= Elaine Ingham =

American microbiologist and soil researcher (1952–2026)

Elaine Ruth Ingham ( Stowe; June 26, 1952 – February 16, 2026) was an American microbiologist and soil biology researcher and founder of Soil Foodweb Inc. and the Soil Foodweb School. She was known as a leader in soil microbiology and research of the soil food web. She was an author of the USDA's Soil Biology Primer and was influential in the regenerative agriculture movement.

== Education and career ==
Ingham earned a bachelor’s degree in biology and chemistry in 1974 from St. Olaf College in Northfield, Minnesota, and a master's in microbiology in 1977 from Texas A&M University. In 1981, Ingham earned a PhD from the Colorado State University in microbiology with an emphasis in soil. Along with her husband Russ, who has a doctorate in zoology emphasizing nematology, she was offered a post-doctoral fellowship at the Natural Resource Ecology Lab at Colorado State University. In 1985, she accepted a Research Associate Fellowship at the University of Georgia.

In 1986, Ingham moved to Oregon State University and joined the faculty in both Forest Science and Botany and Plant Pathology. She remained on faculty until 2001.

Ingham was an Affiliate Professor of Sustainable Living at Maharishi University of Management in Fairfield, Iowa, Adjunct Faculty at Southern Cross University in Lismore, New South Wales, Australia, from 1999 to 2005, Visiting Professor with Melbourne University from 2004 to 2008, and was Program Chair of the Ecological Society of America from 1999 to 2000. She was named chief scientist at The Rodale Institute in 2011 and was later director of research and an instructor at the Environment Celebration Institute's farm in California.
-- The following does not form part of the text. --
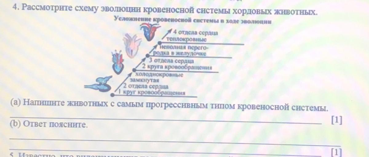 4. Рассмотрите схему эволюции кровеносной системы хордовых животных.

She was the founder of Soil Foodweb Inc, which works with soil testing laboratories to assess soil biology. In October 2025, the Soil Foodweb School announced Ingham's retirement.
==Personal life and death==
Ingham was born Elaine Ruth Stowe in St. Paul, Minnesota, on June 26, 1952. Her father was chairman of the veterinary science department at the University of Minnesota. She married Russell Ingham in 1975. Elaine Ingham died in Fort Mill, South Carolina, on February 16, 2026, at the age of 73.

==Selected publications==
- Ingham, E.R. and M. Alms. (1999), The Compost Tea Handbook 1.1
- Ingham, E.R. (2000) The Compost Tea Brewing Manual. Sustainable Studies Institute, Eugene, Oregon. 2nd–5th eds. Soil Foodweb Inc, Corvallis, Oregon.
- Ingham, E. R. (1999). Chapters 1–5 in: The Soil Biology Primer. NRCS Soil Quality Institute, USDA.
- Ingham, E.R. (2004). "The Soil Foodweb: Its Role in Ecosystems Health". In: The Overstory Book: Cultivating Connections with Trees. Ed. Craig R. Elevitch. 2nd ed. Holualoa, Hawaii: Permanent Agriculture Resources.
- Ingham, E.R. and M.D. Slaughter. (2005). "The Soil Foodweb–Soil and Composts As Living Ecosystems". International SoilACE Conference in Soil and Compost Eco-Biology. Leon, Spain. 1: 127-139.
- Ingham, R.E. and Trofymow, J.A. and Ingham, E.R. and Coleman, D.C. (1985), "Interactions of bacteria, fungi, and their nematode grazers: effects on nutrient cycling and plant growth", Ecological monographs 55 (1), 119-140.